** Opening SOURCE MATERIAL block **

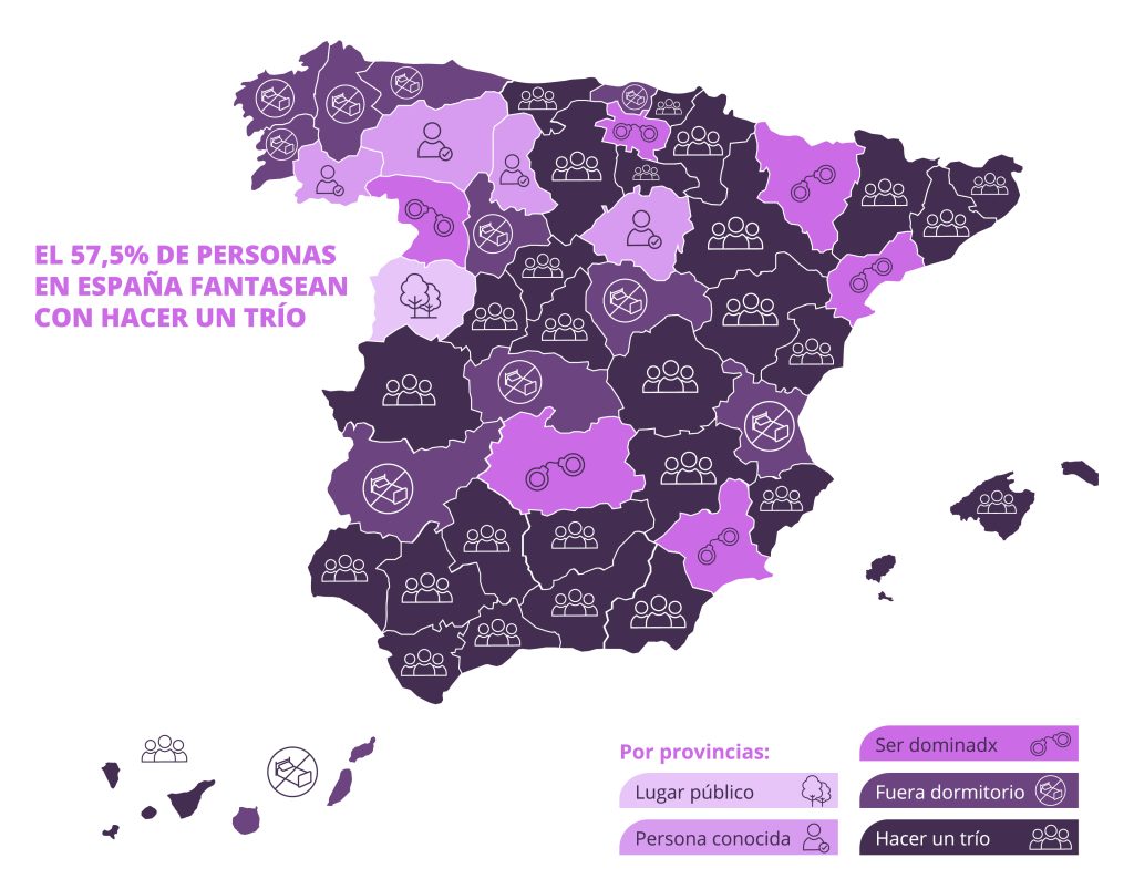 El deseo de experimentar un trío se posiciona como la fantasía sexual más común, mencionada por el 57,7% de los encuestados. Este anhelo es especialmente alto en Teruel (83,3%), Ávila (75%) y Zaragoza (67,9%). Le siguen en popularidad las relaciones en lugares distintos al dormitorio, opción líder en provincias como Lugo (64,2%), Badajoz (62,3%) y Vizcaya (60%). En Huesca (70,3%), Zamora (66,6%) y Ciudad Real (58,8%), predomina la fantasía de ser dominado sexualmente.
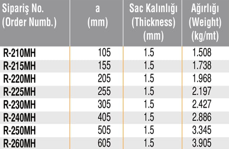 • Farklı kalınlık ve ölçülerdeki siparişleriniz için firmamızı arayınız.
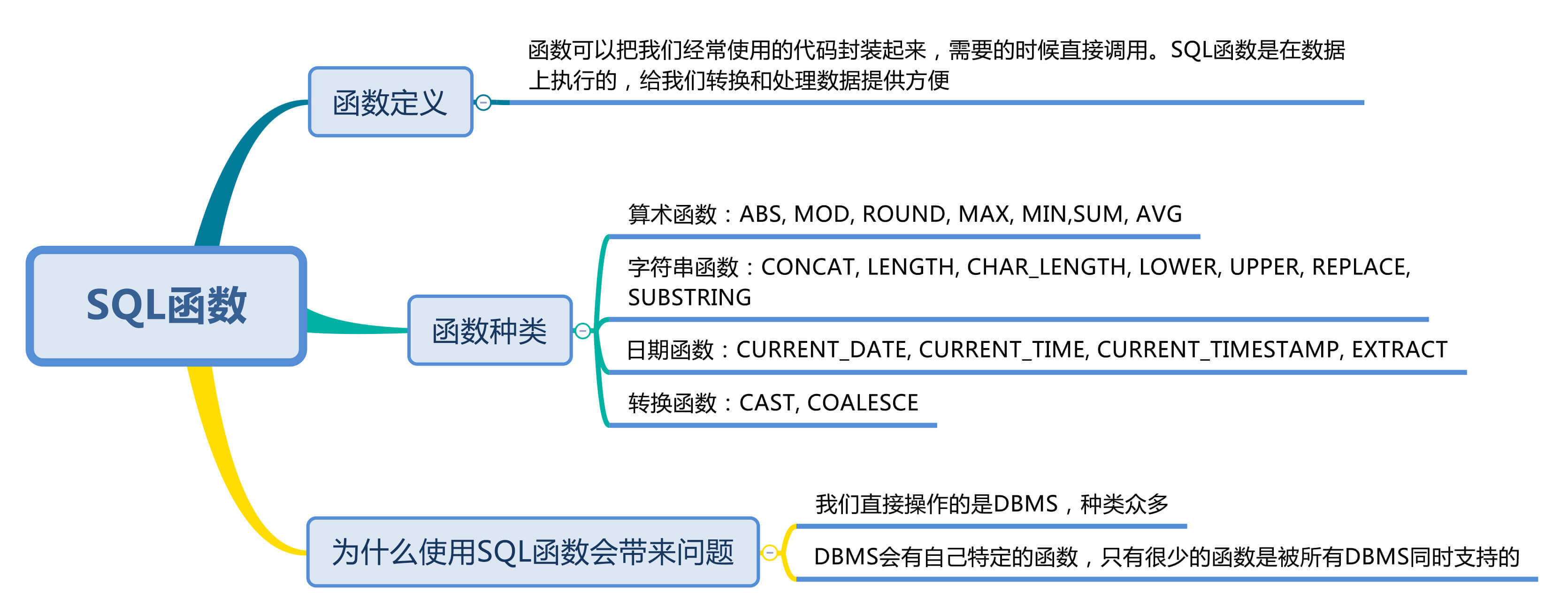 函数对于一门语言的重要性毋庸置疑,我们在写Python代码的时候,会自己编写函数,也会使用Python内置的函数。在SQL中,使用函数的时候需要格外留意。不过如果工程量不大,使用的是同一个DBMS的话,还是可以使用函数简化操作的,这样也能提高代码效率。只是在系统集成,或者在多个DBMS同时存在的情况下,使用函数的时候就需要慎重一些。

** Closing SOURCE MATERIAL block **
** Opening SOURCE MATERIAL block **

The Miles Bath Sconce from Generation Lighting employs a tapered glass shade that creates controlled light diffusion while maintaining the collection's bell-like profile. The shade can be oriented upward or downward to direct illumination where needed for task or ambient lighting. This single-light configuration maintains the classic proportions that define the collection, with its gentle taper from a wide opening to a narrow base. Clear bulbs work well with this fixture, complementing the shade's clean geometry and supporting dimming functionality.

** Closing SOURCE MATERIAL block **
** Opening SOURCE MATERIAL block **

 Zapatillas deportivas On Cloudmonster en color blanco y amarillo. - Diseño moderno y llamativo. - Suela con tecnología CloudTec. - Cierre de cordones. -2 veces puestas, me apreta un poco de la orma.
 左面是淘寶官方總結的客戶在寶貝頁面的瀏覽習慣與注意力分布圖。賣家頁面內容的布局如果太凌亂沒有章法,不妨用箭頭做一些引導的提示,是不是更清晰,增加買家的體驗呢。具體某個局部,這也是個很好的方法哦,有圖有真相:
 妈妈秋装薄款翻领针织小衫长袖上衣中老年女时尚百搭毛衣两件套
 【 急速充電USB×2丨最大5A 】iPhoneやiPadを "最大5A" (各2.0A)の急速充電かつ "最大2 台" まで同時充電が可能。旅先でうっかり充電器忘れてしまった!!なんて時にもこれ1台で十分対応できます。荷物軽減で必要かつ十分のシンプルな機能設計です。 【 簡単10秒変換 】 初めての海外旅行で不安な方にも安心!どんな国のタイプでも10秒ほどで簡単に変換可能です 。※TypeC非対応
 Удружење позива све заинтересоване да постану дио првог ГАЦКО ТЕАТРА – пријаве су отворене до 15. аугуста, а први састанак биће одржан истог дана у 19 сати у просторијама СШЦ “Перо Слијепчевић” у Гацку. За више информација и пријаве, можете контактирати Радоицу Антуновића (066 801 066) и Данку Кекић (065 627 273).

** Closing SOURCE MATERIAL block **

REQUIRED ACTION => Of the entries listed above, reproduce only the lines starting at the line containing "妈妈秋装薄款翻领针织小衫长袖上衣中老年女时尚百搭毛衣两件套" and ending at the line containing "Удружење позива све". Include both, exactly as they stand.

EXERCISE ANSWER =>
 妈妈秋装薄款翻领针织小衫长袖上衣中老年女时尚百搭毛衣两件套
 【 急速充電USB×2丨最大5A 】iPhoneやiPadを "最大5A" (各2.0A)の急速充電かつ "最大2 台" まで同時充電が可能。旅先でうっかり充電器忘れてしまった!!なんて時にもこれ1台で十分対応できます。荷物軽減で必要かつ十分のシンプルな機能設計です。 【 簡単10秒変換 】 初めての海外旅行で不安な方にも安心!どんな国のタイプでも10秒ほどで簡単に変換可能です 。※TypeC非対応
 Удружење позива све заинтересоване да постану дио првог ГАЦКО ТЕАТРА – пријаве су отворене до 15. аугуста, а први састанак биће одржан истог дана у 19 сати у просторијама СШЦ “Перо Слијепчевић” у Гацку. За више информација и пријаве, можете контактирати Радоицу Антуновића (066 801 066) и Данку Кекић (065 627 273).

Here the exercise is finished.